Remember those black boxes in my computer? The inscrutable ECU? Those exist in every system, and in social systems they tend to be made of meat. You can learn an awful lot about how humans respond to various inputs, how they tend to behave in various situations, how to interpret their seemingly-inscrutable output... But generally-speaking, you do not get to open them up and look inside, not even when they're acting really super weird. The people in your system will defy attempts at transparency, and you just need to accept that.

So, what to do? Well, we can learn from the ECU and build an abstraction! We just gotta make sure to nail down the goals and audience properly. Most social systems in need of transparency aim to do precisely this:

  • Jury trials create an abstraction whereby the inputs, procedures and outputs are known, and thus a verdict deviating too severely from the expected parameters can be identified without knowing the actual thought processes of the jurors (which itself is a black box composed of human black boxes, to reduce the opportunity for tampering). Even the process by which the jurors are selected can be exposed, further reducing the chances of unpredictable behavior.
  • Your town council is composed of representatives elected by the larger population of citizens, reducing the volume and thus variability of behaviors. Inputs, procedures, and outputs are carefully recorded for each meeting, allowing constituents to verify that the black boxes they elected are behaving within the expected parameters. Processes are even provided for removing black boxes determined to be defective!
  • Publicly-traded companies are subject to a dizzying array of operating and reporting requirements, to help ensure that investors can understand the decisions being made and, if need-be, replace the people, er, "black boxes" who are running their investments into the ground.

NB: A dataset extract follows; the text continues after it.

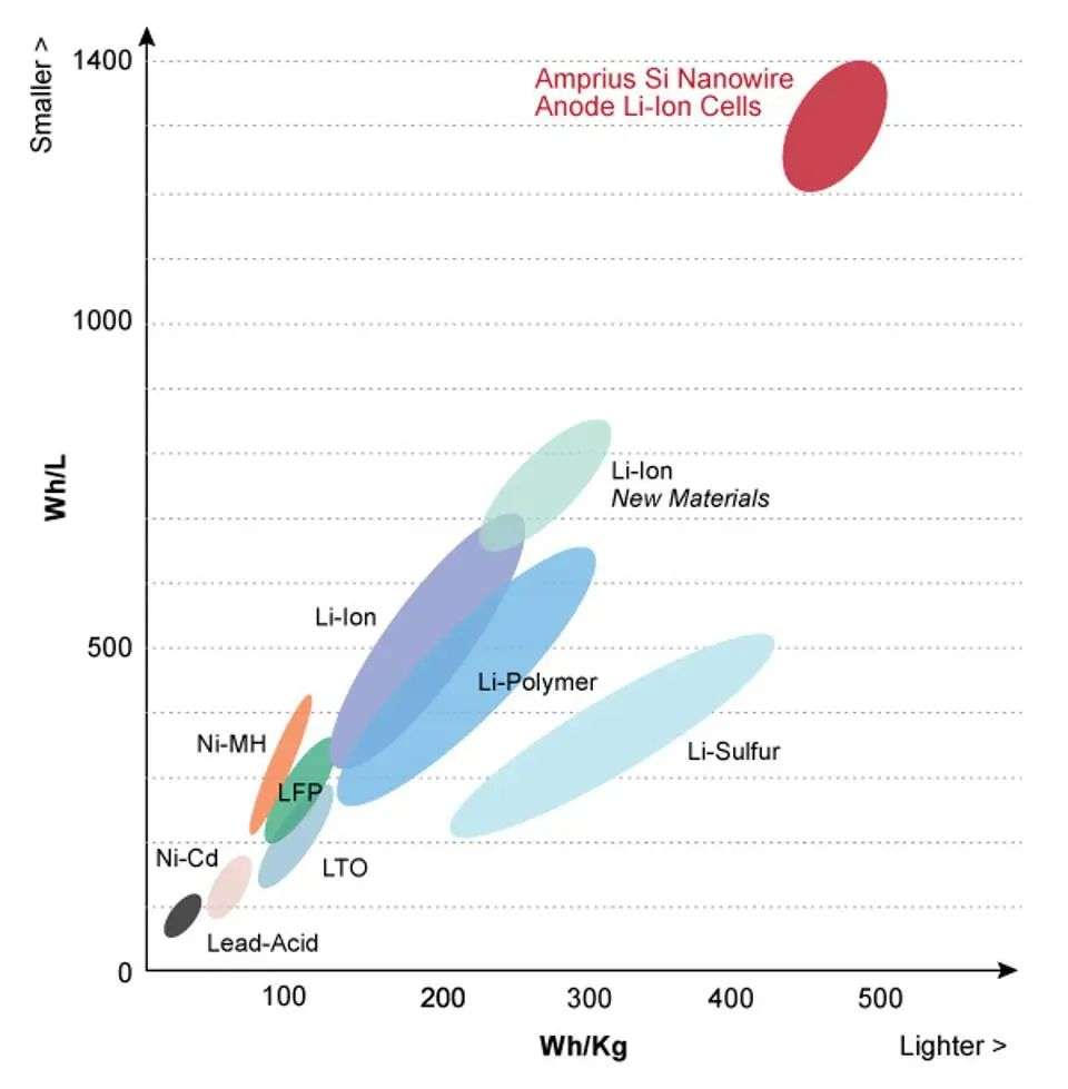 外媒报道称采用硅纳米线技术后,电芯的重量将会减轻一半,占用的空间也会是当前锂离子电池的一半,换言之就是,同样的电池体积和质量的电池组的能量密度会得到大幅提升,这就为更高能量密度的动力电池铺平了道路。

You can design your own system under these principles as well. But, be careful: because both you, your intended audience, and parts of the system itself are people... Often overlapping groups of people... You can rather easily mistake one for another. A system can very easily be transparent to the people in it, while being entirely opaque to those outside. And a system which is transparent to you, the designer, is not necessarily transparent to anyone else. So if you happen to be designing a system where you feel you're in the target audience and a key participant... It becomes very easy to believe you've achieved a useful layer of transparency when you've done nothing of the sort.

Lesson: separate yourself from both the people in your system, and the people using your system. Then separate your intended audience from the roles within the system itself. Then, and only then, proceed with your design.